Frank asintió con un hosco gesto y se reacomodó en el sillón.
— Mi padre está muerto y yo no soy él —musitó con voz fría.
El viejo se incorporó con torpeza y cogió el bastón.
—Me hubiese gustado conocerte bajo otras circunstancias, muchacho, y no cuando el fuego está a un paso de quemarnos a los dos.
Frank se puso en pie. El viejo dio unos torpes pasos hacia él. Entonces, grave y formal, le tendió una mano. Los dedos le temblaban. Las morenas mejillas de Frank enrojecieron. Arrugó el ceño y miró la huesuda mano que se le ofrecía. Sintió que la rabia le borboteaba en el pecho: el gesto del viejo le pareció una impertinencia. Inmóvil, el viejo se mantuvo en su lugar disfrutando de la ira pintada en el rostro imperturbable de Frank.
— ¿No me darás la mano, muchacho? —le preguntó con su voz pedregosa y aguda.
Frank, en silencio, lo miró y lo enjuició: vio las cortas pestañas que rodeaban los maliciosos ojos diminutos, el brillo ladino que latía en las pupilas, las arrugas que le cubrían la frente y las mejillas, la severa boca torcida. Miró el cuerpo enjuto y disminuido, las manos huesudas, los nudillos blanquecinos. El cinismo en los gestos, la falsedad en la sonrisa, los calculados movimientos le resultaron detestables. El viejo no era más que un truhan, oculto bajo un disfraz de anciano.
—No—replicó luego de unos instantes—. Usted y yo no somos amigos, y jamás lo seremos.
El viejo soltó una risotada que reprimió enseguida.
—No pretendía que lo tomaras como un gesto de amistad, muchacho—le dijo con una amplia sonrisa, que delataba unos dientes maltrechos—. Solamente quería despedirme de ti, antes de que dejaras esta vida.
Frank sonrió con una sonrisa mucho más amplia.
—Todavía no me dé por muerto—replicó—. Soy un hueso duro de roer. Además, pretendo llevarme varios de los suyos antes de caer.

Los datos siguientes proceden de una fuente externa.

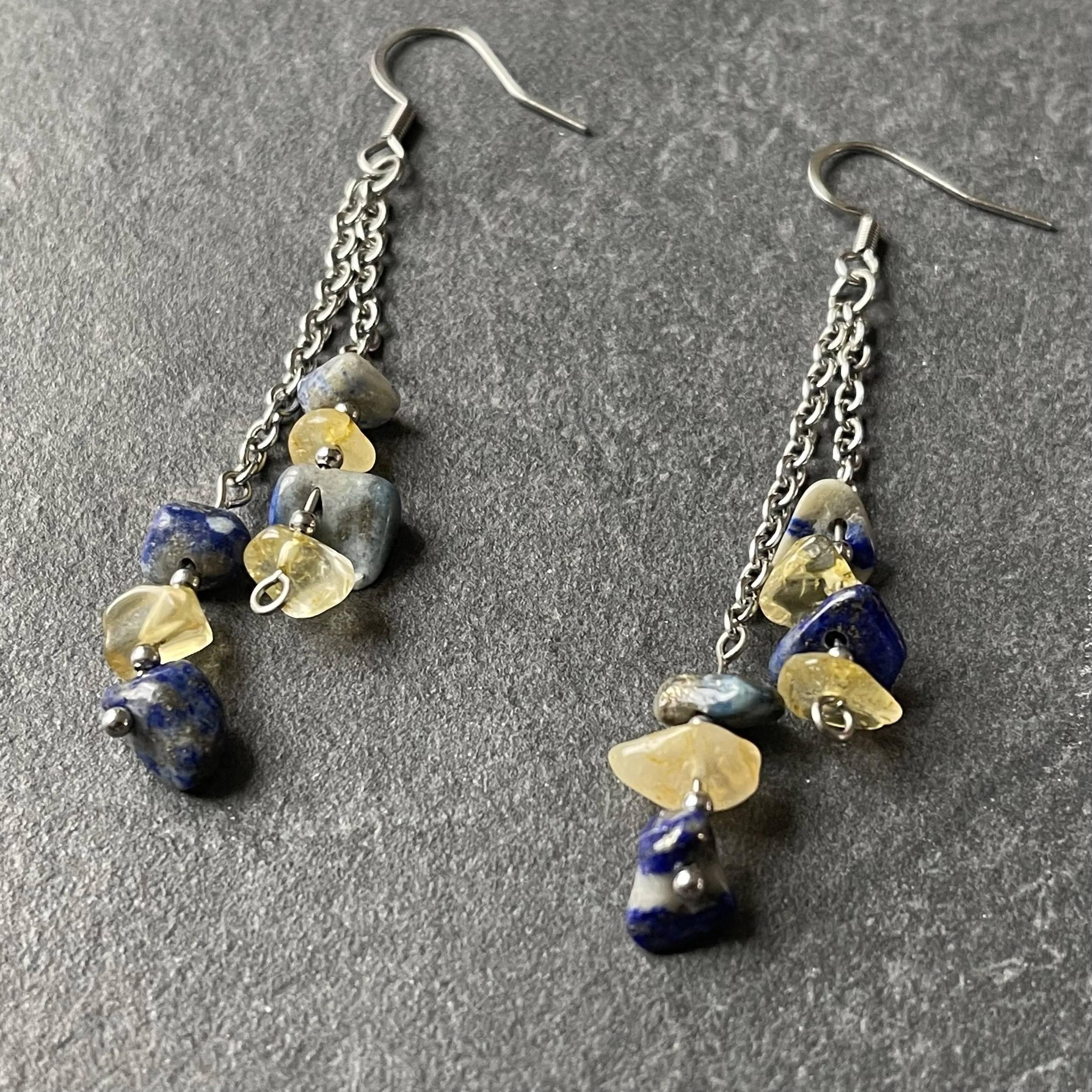 Our favourite blue gemstones are: Blue Apatite, Blue Agate, Sodalite, Lapis Lazuli, Fluorite, Chrysocolla and Turquoise.

La sonrisa del viejo se esfumó. Enrojeció y frunció duramente el ceño. Entonces asintió desmañadamente, giró sobre sus talones y salió del lugar sin volver la vista atrás. Frank lo miró alejarse. Enceguecido de ira, el viejo había olvidado que debía fingir una cojera inexistente y había caminado rápidamente hacia la salida. Frank sonrió y meneó la cabeza. Con un suspiro encendió otro cigarro y se sentó nuevamente en el sillón.